Особой активности на своих огородах мы не проявляли. Мне постоянно мешала негнущаяся, «спондилолистезная» поясница. У неё прогрессировал полиартрит, и она уже с трудом, опираясь на тележку, добиралась до огорода и обратно. Однако, несмотря на все препятствия и недуги, нам удавалось выращивать на грядках кое-какую огородную продукцию. Кусты же крыжовника и чёрной смородины как-то сами, без нашего активного вмешательства, давали нам неплохие урожаи.

Я в те, уже давние, годы пытался выращивать под плёнкой ранние овощи: морковь, свёклу, лук, редиску. Для этого начинал работать ещё в апреле, и даже разгребал снег на заранее подготовленных грядках. Порой это и приносило результаты. И к середине июня, к июлю у меня появлялись первые корнеплоды. Галина Александровна не отказывалась от них, поскольку её продукция вырастала месяца на полтора позднее. Мы специально созванивались накануне общего выхода, и я ждал её к намеченному сроку.

 Когда Галина Александровна приходила, я выносил стулья, и мы некоторое время беседовали на огородные темы:
– А Коля (Николай Петрович – муж Галины Александровны) вначале участок не хотел покупать. Я его уговорила… Давно уже сюда не ходит – в восьмидесятые годы трудно ходить стало… Клубники у нас всегда мало было. Стаканов по пять набираешь и всё. А соседка целые вёдра собирала… Вы понимаете?! Зато на нашем участке столько бывает малины! Как взойдёшь, ведро трёхлитровое запросто наберёшь.
– Как же Вы в одиночку с огородом справляетесь? Да ещё работа, к тому же.

– С работы меня иногда пораньше отпускали. Жуков. Он сначала был председателем. Часа в четыре спрашивает: «У Вас нет работы?... Ну, тогда идите». Орлов Юрий Васильевич – тоже отпускал… Сердюк только один раз отпустил, в сильную жару – поливать надо было. «Давай, мать, иди», – говорит… А в другой раз попросилась пораньше на огород уйти. – «Да ты что, мать! Ты, вроде, недавно совсем уходила!..» Больше у него и не отпрашивалась».

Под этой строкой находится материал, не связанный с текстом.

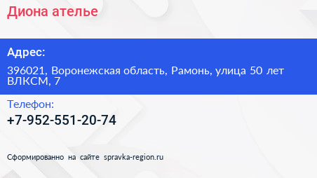Диона, ателье по адресу 396021, Воронежская область, Рамонь, улица 50 лет ВЛКСМ, 7 в дальнейшем Организация, размещена в следующих категориях: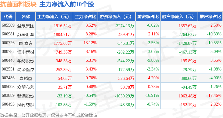 从资金流向上来看,当日抗菌面料板块主力资金净流出1.36亿元,游资资金净流出7401.41万元,散户资金净流入2.1亿元。抗菌面料板块个股资金流向见下表:

Мой частично запущенный участок Галина Александровна даже хвалила и всегда нахваливала выращенную мною продукцию. Действительно, в июне месяце морковь и свёкла была ещё в диковинку, и мои подарочные «огородно-овощные букеты» шли нарасхват.
В какой-то год меня порадовал небывалый урожай чёрной смородины. Он у всех тогда был хорош, однако мои молодые кусты просто ломились от обилия ягод. Я собирал её бидонами, сделал все необходимые заготовки, много раздал соседям. Естественно, пригласил на ягоды и Галину Александровну. Увидев уже частично обобранные кусты, она только руками всплеснула:

– Ой, Виталий Всеволодович! Сколько ягод! Такой урожай я видела всего один раз – у Великанова,  детского писателя. У него большие кусты были. Мы с бухгалтером Марией Ивановной к нему пошли. Корзинки и бидоны взяли. Кусты с человеческий рост. Ой, это столько ягод! Мы набрали просто мигом… Удивительное дело! Вы говорите, что уже собирали, а столько ещё ягод висит!..
Каждый раз при встрече Галина Александровна приглашала меня посетить её участок, полюбоваться её любимыми цветами, в первую очередь розами:
– Какие у меня розы! Если бы Вы только видели! Ведь и не воруют их! Представляете себе!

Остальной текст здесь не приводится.